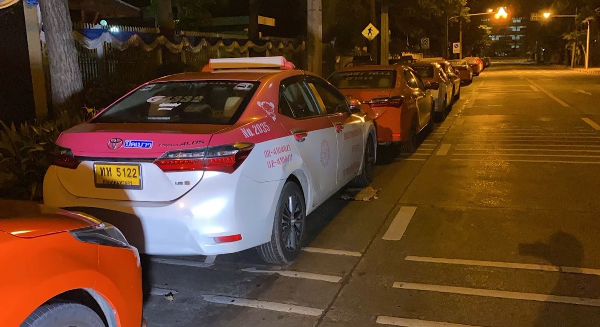 กรุงเทพฯ 3 ส.ค. – รถแท็กซี่จอดเรียงรายหน้า ก.แรงงาน ย่านดินแดง กว่า 100 คัน พร้อมติดป้ายร้องขอความช่วยเหลือจากผลกระทบโควิด-19
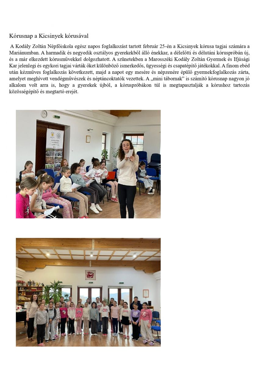 További információért látogassanak el a szovátai Marianum - Kodály Zoltán Népfőiskola Facebook oldalára.
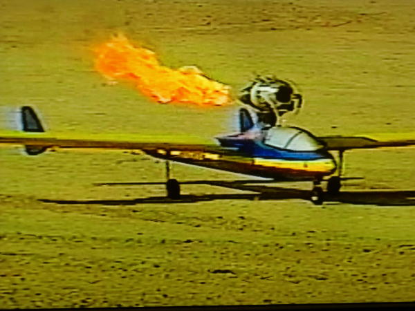 ● ホームページ開設以来・・・時々メールが有るんですが・・・、当工房ではグローエンジン・ガソリンエンジン・ジェットエンジン等の修理や販売は行っていません。画像は今から三十年近く前のジェットタービン・エンジン搭載機です。着陸して減速中なんですが、エグゾーストから炎が噴き出してます。当時はタービンジェットの燃料はプロパンガスの時代・・・。現在のJP-4燃料(精製度は灯油よりも落ちる)が主流に成る以前・・・発売当初はプロパンジェットだったんですなあ・・・。よってグロー系燃料を扱っていた時代のまんま、このプロパンジェットを扱うもんだから・・・咥えタバコでガス燃料注入中に、不注意で漏らしたプロパンガスで顔面火だるまに成る大馬鹿モンのモデラー多数・・・。格納庫の中で咥えタバコでジェットエンジンを分解する様な大馬鹿モンは独りも居なかったが・・・模型世界には大勢居たって事ですなあ(笑)・・・。
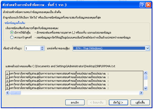 ขั้นที่ห้า เลือกแหล่งที่มาของแฟ้ม : เป็น 874 : Thai(Windows) แล้วกดปุ่ม ถัดไป

Problem requirements:
Return all material verbatim, pictures omitted.

Output for this exercise:
 กรุงเทพฯ 3 ส.ค. – รถแท็กซี่จอดเรียงรายหน้า ก.แรงงาน ย่านดินแดง กว่า 100 คัน พร้อมติดป้ายร้องขอความช่วยเหลือจากผลกระทบโควิด-19
 További információért látogassanak el a szovátai Marianum - Kodály Zoltán Népfőiskola Facebook oldalára.
 ● ホームページ開設以来・・・時々メールが有るんですが・・・、当工房ではグローエンジン・ガソリンエンジン・ジェットエンジン等の修理や販売は行っていません。画像は今から三十年近く前のジェットタービン・エンジン搭載機です。着陸して減速中なんですが、エグゾーストから炎が噴き出してます。当時はタービンジェットの燃料はプロパンガスの時代・・・。現在のJP-4燃料(精製度は灯油よりも落ちる)が主流に成る以前・・・発売当初はプロパンジェットだったんですなあ・・・。よってグロー系燃料を扱っていた時代のまんま、このプロパンジェットを扱うもんだから・・・咥えタバコでガス燃料注入中に、不注意で漏らしたプロパンガスで顔面火だるまに成る大馬鹿モンのモデラー多数・・・。格納庫の中で咥えタバコでジェットエンジンを分解する様な大馬鹿モンは独りも居なかったが・・・模型世界には大勢居たって事ですなあ(笑)・・・。
 ขั้นที่ห้า เลือกแหล่งที่มาของแฟ้ม : เป็น 874 : Thai(Windows) แล้วกดปุ่ม ถัดไป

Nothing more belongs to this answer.